It was that kind of night.
The rhythmic flow of the North Carolina women’s basketball team, often played to the coursing beat of get-up-and-go passing and full-court dashes, devolved into a jumbled mess.
The passes, once seamless, on-target, ended up in the wrong hands — 29 times, to be exact.
So, too, did the final score, a 78-73 win for Syracuse , as UNC hosted all too hospitably and handled the ball all too charitably Thursday night.
“As a team, you can’t play good basketball turning the ball over, especially not us,” said freshman guard Diamond DeShields. “We run, and we get up and down the floor.
“When we turn the ball over, we’re stopping the game, allowing them to get set up.”
UNC (17-4, 5-2 ACC ) owed its second-half carnage to 18 turnovers dispersed among the team, even the associate head coach. Andrew Calder credited one giveaway to himself, the result of distracting a player while berating an official.

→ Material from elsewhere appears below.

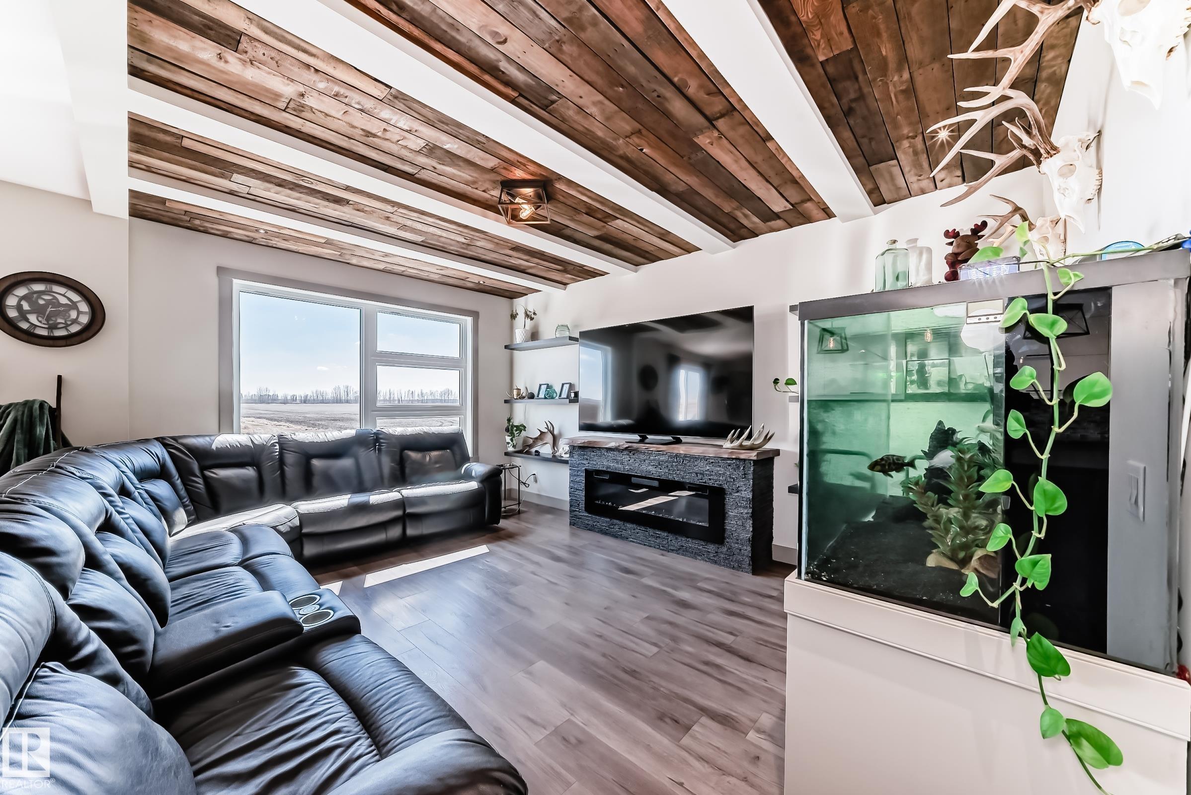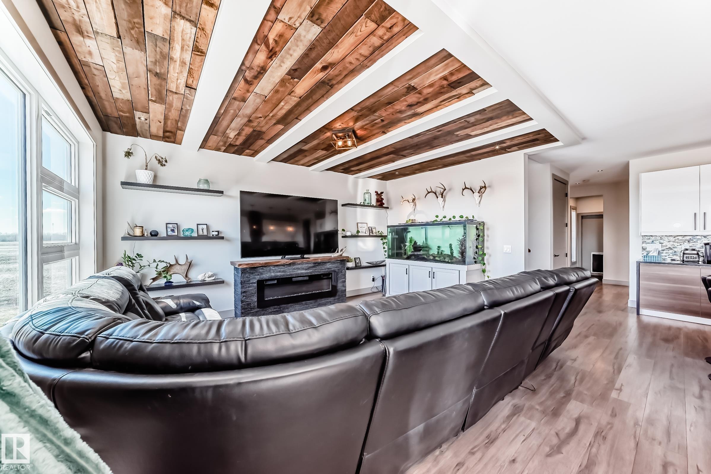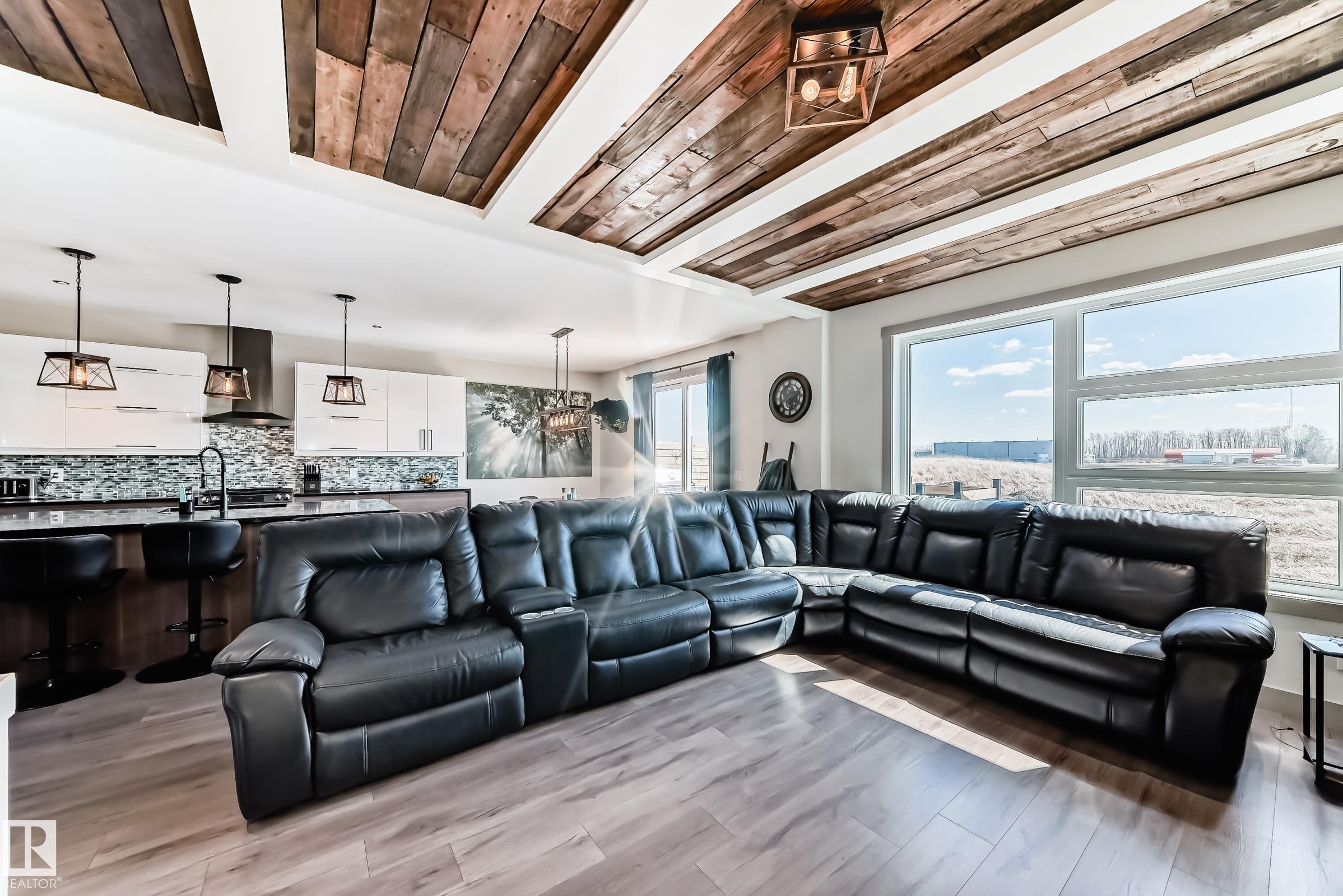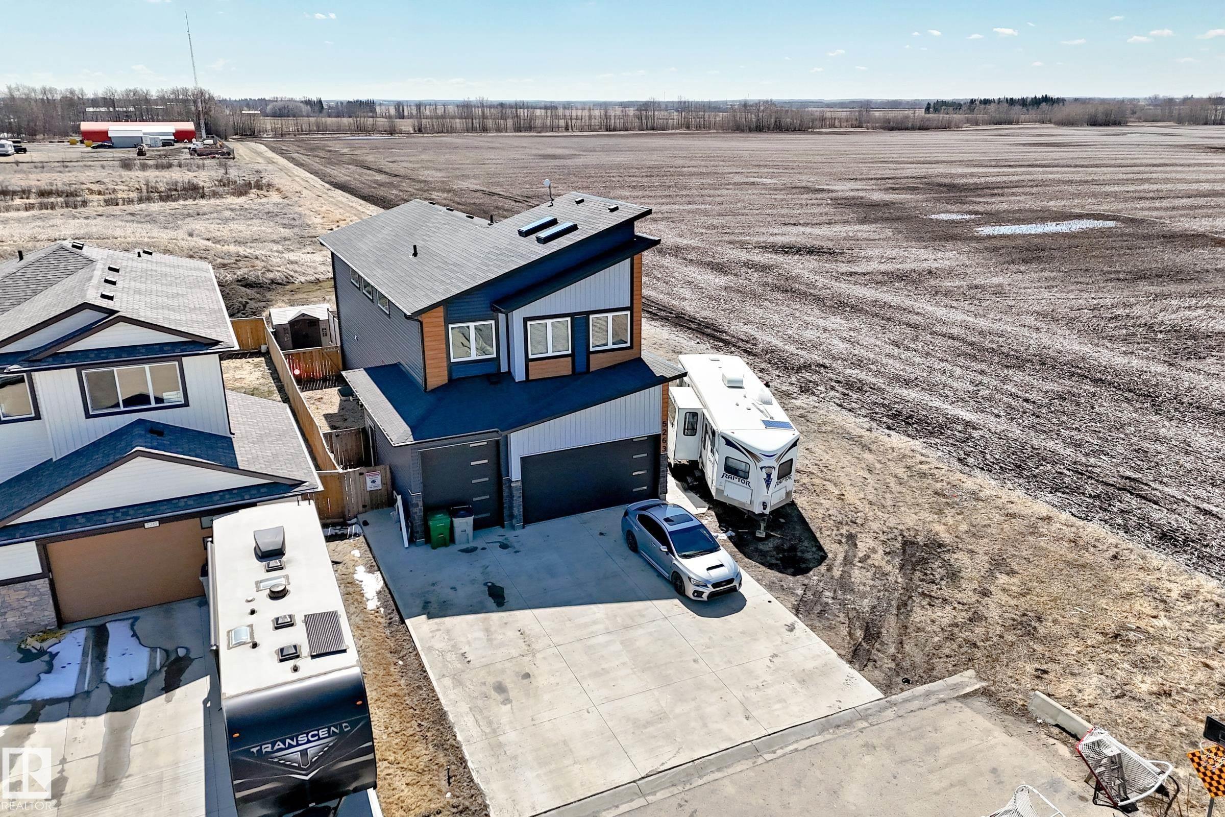 Discover executive luxury in this contemporary 2,646 sq ft masterpiece featuring 4+1 bedrooms, 4 full baths, a main-floor office and Central AC. The striking exterior boasts a triple car garage, RV parking and security system. The chef?s kitchen is a showstopper, anchored by a quartz waterfall island, premium cabinetry, water softener, gas stove, spacious countertops and a walk-in pantry. The "modern rustic" living area features reclaimed wood ceilings and an electric stone mantel fireplace, with large windows this cozy space gives endless field views. Retreat to the vaulted primary suite with skylights, a private fireplace and a spa ensuite featuring heated floors, dbl sink, a soaker tub, and a rain shower. For maximum versatility, the partially finished basement includes a separate entrance, 1 bed + 1 bath; ideal for a future suite. Outside, a designer deck with privacy slats offers the ultimate space to enjoy the Alberta prairies. This home seamlessly blends high-end finishes with rural living.

“Twenty-eight turnovers,” Calder said, omitting one for his own misstep. “I never thought this team would have 28 turnovers.”
UNC, led by a cavalcade of gifted freshmen guards, squandered a 14-point lead at halftime due , in part, to some unforced panic, Calder said. But Syracuse (16-5, 5-3 ACC ), known for a suffocating defense, turned slipshod marking in the first half into a second-half vice-grip.